Lo sostiene Luciano Panzani ex presidente della Corte d’Appello di Roma.

“Spigolando dai repertori di giurisprudenza, è il caso del dirigente comunale che non vigila sull’attività urbanistica degli uffici da lui dipendenti, della mancata vigilanza da parte della stazione appaltante del conflitto d’interessi tra appaltatore e subappaltatore; del pubblico ufficiale che si avvale delle prestazioni dei dipendenti di un ente pubblico per motivi personali; del reclutamento di personale senza rispettare le procedure ad evidenza pubblica, ecc” spiega dalle colonne del magazine digitale InPiù.net.

Nel 2020, per ridurre le incertezze sull’ambito di applicazione del reato, si è precisato che l’abuso deve riguardare la violazione di specifiche regole di condotta previste dalla legge, non da circolari o regolamenti amministrativi o buone prassi.

“Il reato è di difficile configurazione perché confina con corruzione e concussione nei casi più gravi e perché non rilevano comportamenti in cui è lasciata una sfera di discrezionalità”.

“Ciò non impedisce tuttavia ai P.M. di esercitare l’azione penale e svolgere indagini, magari nella speranza di poter contestare reati più gravi, con ricadute anche mediatiche, in casi che poi dopo il clamore iniziale si sgonfiano, proprio per la difficoltà di integrare la fattispecie di legge”.

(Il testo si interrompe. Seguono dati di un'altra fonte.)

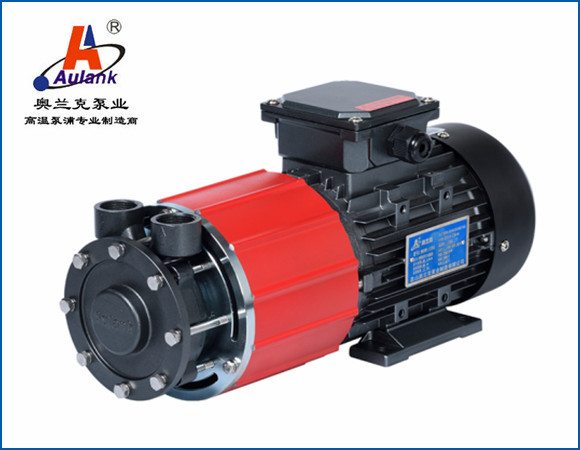 不銹鋼磁力泵采用了電子組件換向,無需使用碳刷換向,采用高性能耐磨陶瓷軸及陶瓷軸套,軸套通過注塑與磁鐵連成整體也就避免了磨損,因此無刷直流磁力式水泵的壽命大大增強了。 ?該款泵浦為磁力驅動式超高溫旋渦泵,移送循環介質為不含顆粒、纖維的液體(水、導熱油、乙二醇)等。泵浦外觀精美、振動小、噪音低、應用于循環 350℃以內高溫導熱油,循環 180℃以內熱水。
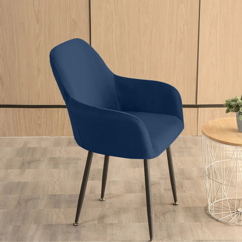 - Pokrowiec na krzesło kubełkowe z podłokietnikami, wykonany z miękkiego weluru w kolorze granatowym. Model Apple Sevilla nadaje wnętrzu elegancji i subtelnego ciepła.
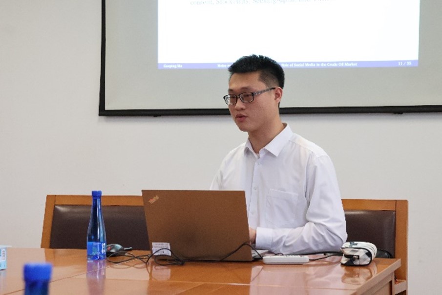 5月24日,M88mansion体育第十二期“学术午餐会”在学术会堂712会议室如期举行。M88mansion体育中国经济与管理研究院博士研究生马国平担任主讲嘉宾,并作了题为“Noise or Fundamentals? The Predictive Role of Social Media in the Crude Oil Market”的学术报告。M88mansion体育副经理汪雄剑等6名教师以及多名硕士生、博士生参加了此次“学术午餐会”。
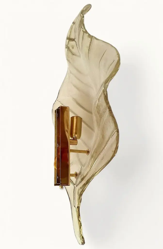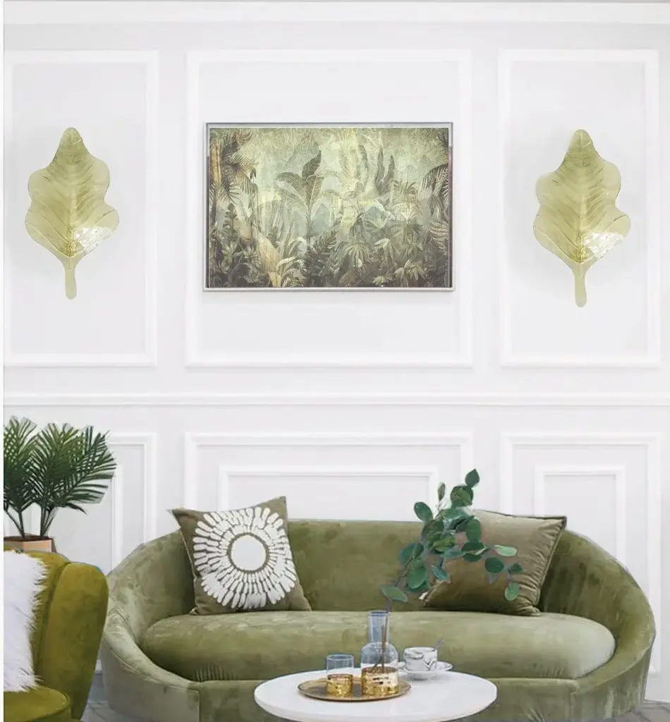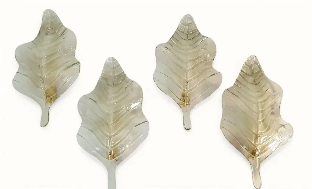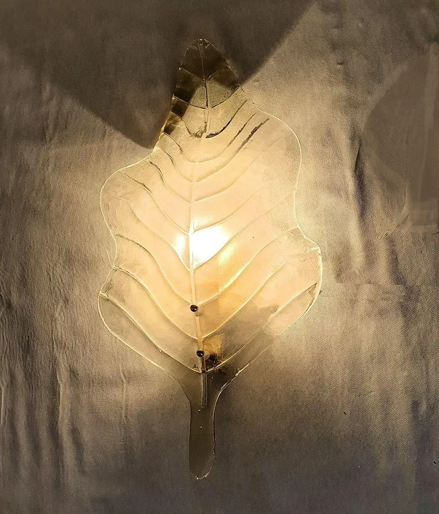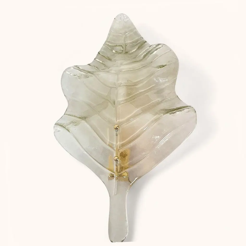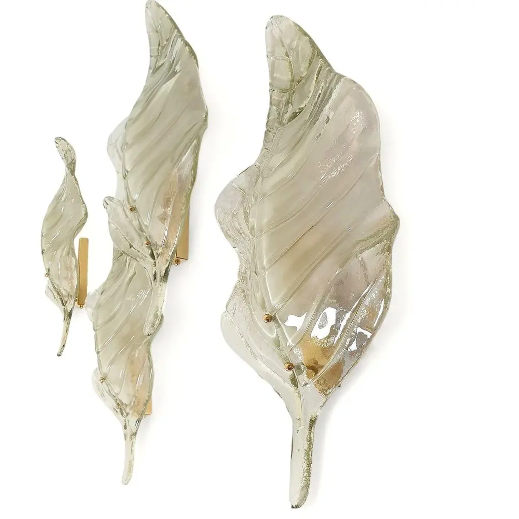 1980s Large Green Murano Style Glass Leaf Sconces - A Pair
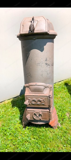 sehr schöner alter dekorativer Kanonenofen. Ideal auch als Pflanzenständer. Muss leider weg weil wir den Platz nicht mehr haben.
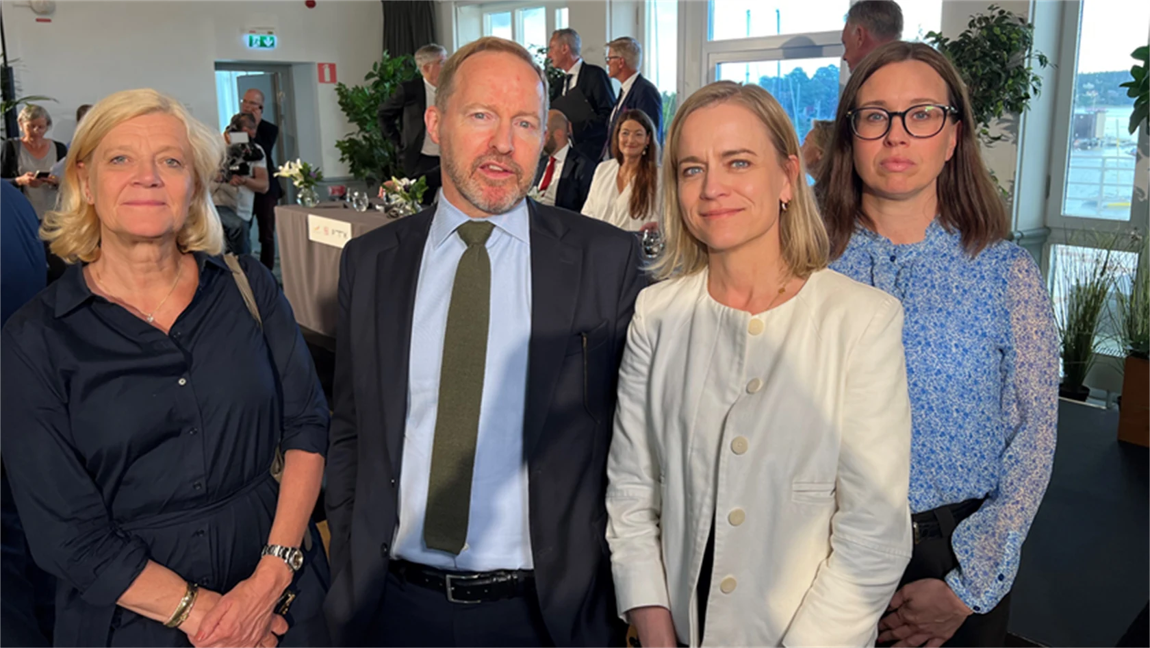 Bildtext: Lena-Liisa Tengblad, vd Gröna arbetsgivare, David Johnsson, vd TMF, Eva Glückman, vd Grafiska Företagen, och Anna Freij, förhandlingschef Grafiska Företagen och TMF, under signeringen av nya huvudavtalet.
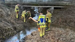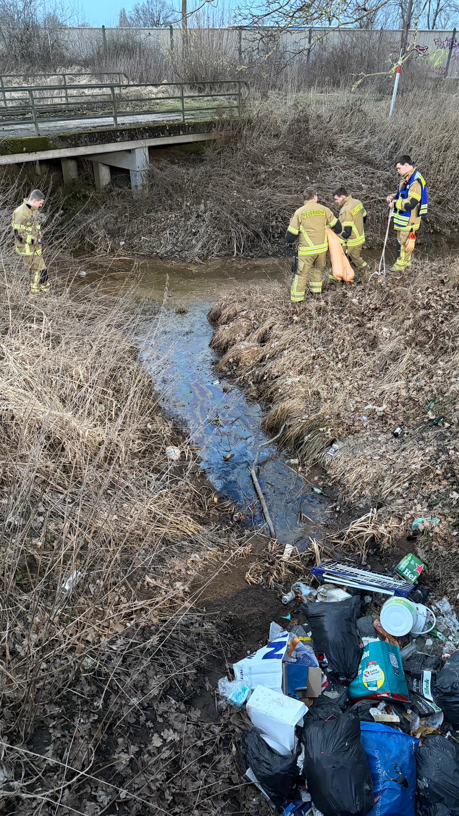 Beim Eintreffen der Einsatzkräfte bestätigte sich die Meldung. Im Bereich des Gewässers wurde eine nicht rechtskonforme Entsorgung festgestellt, aus der Öl in das Wasser gelangte. Um eine weitere Ausbreitung zu verhindern, setzten die Einsatzkräfte eine Ölsperre. Das bereits ausgetretene Öl wurde anschließend mit wassergeeignetem Ölbindemittel abgestreut und aufgenommen.
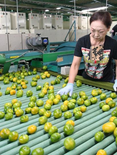 熊本市河内町のJA熊本市夢未来柑橘選果場で9月15日、県独自品種の極早生温州ミカン「肥のあかり」の選果が始まりました。初売りは17日で、初日は43㌧を選果し、主に関東の市場を中心に初出荷しました。
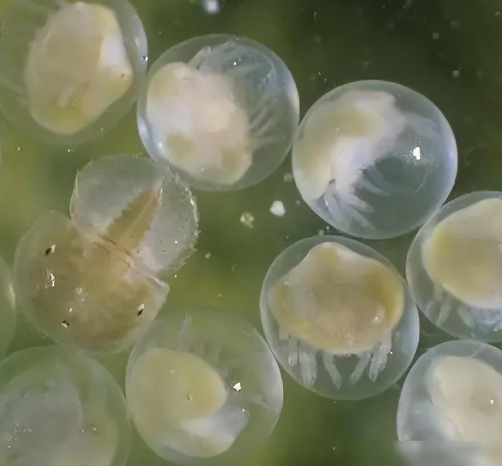 它就是一种类似休眠状态的状态,我们现在看到的鲎卵是非常柔软的,但是鲎虫卵是逐渐变得非常硬,然而正是这硬的让人不能透气的壳子,让它可以存活下来,也可以让它变得非常轻便,可以和水上的泡沫一样飘在水里不会沉下去,可以吸到光合作用的光。

“Dopo diversi mesi o in taluni casi anni, interviene l’archiviazione o l’assoluzione, quando tuttavia il danno d’immagine e la sofferenza che deriva dallo stato d’indagato già ci sono stati”.

Il Ministro Nordio, prima ancora che si possa fare un bilancio della riforma del 2020, propone ora di abolire il reato, almeno nei casi di ingiusto vantaggio, i più difficili da valutare.

“Ben venga la riforma che è resa necessaria dall’incertezza legislativa sui doveri dei pubblici funzionari, dalla fragilità del segreto istruttorio e dal frequente ricorso alla gogna mediatica.

Eppure l’art. 323 c.p. fa parte del codice penale dal 1930 e sino al 1990 non aveva dato luogo a difficoltà soverchie” conclude Panzani.

Dopo sono iniziate le modifiche, che hanno visto anche la pena massima passare dagli originari due anni agli attuali quattro. Siamo noi, non i nostri padri e i nostri nonni, che abbiamo creato il mostro.